The bystander inaction, known at the time as the Kitty
Genovese Syndrome, and later as the bystander effect, has now
been accepted as an observable psychological syndrome.
In the early morning hours of March 13, Kitty Genovese was
walking to her Queens apartment from the parking lot located
only 20 feet from her front door, shortly after leaving work.
The 5’1”, 105 pound woman was quickly overtaken by a
stranger who emerged from the shadows. The man, serial rapist
and killer Winston Moseley, jumped on top of Kitty and stabbed
her several times with the knife he was carrying. After the
initial attack, Genovese screamed, “Oh my God! He stabbed me!
Please help me!

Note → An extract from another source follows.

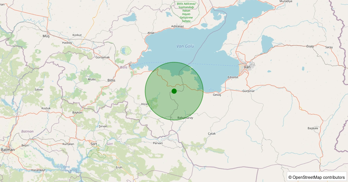 Son 7 gün içinde Tatvan - Koruklu Köyü noktasından 100 km yarıçap içerisinde meydana gelen diğer depremler:

Please help me!”
At this point, several lights turned on in the nearby apartment
complex and some of the tenants took notice of the attack
occurring on the street below. Irene Frost, a resident of Kitty’s
apartment building, later testified that she heard Kitty’s screams
plainly. “There was another shriek and she was lying down
crying.” Robert Mozer, a resident on the seventh floor of the
same building, slid open his window and observed the struggle
taking place. Upon observing Moseley attacking Genovese,
Mozer yelled, “Hey, let that girl alone!” Moseley took notice of
Mozer’s request and quickly ran away. Mozer closed his
window, the lights in the apartment complex went out, and
everyone went back to sleep.
The apartment tenant’s failed to take notice of Kitty, who was
now lying on the ground, sobbing, bleeding badly from several
open stab wounds. Despite her injuries and her neighbors’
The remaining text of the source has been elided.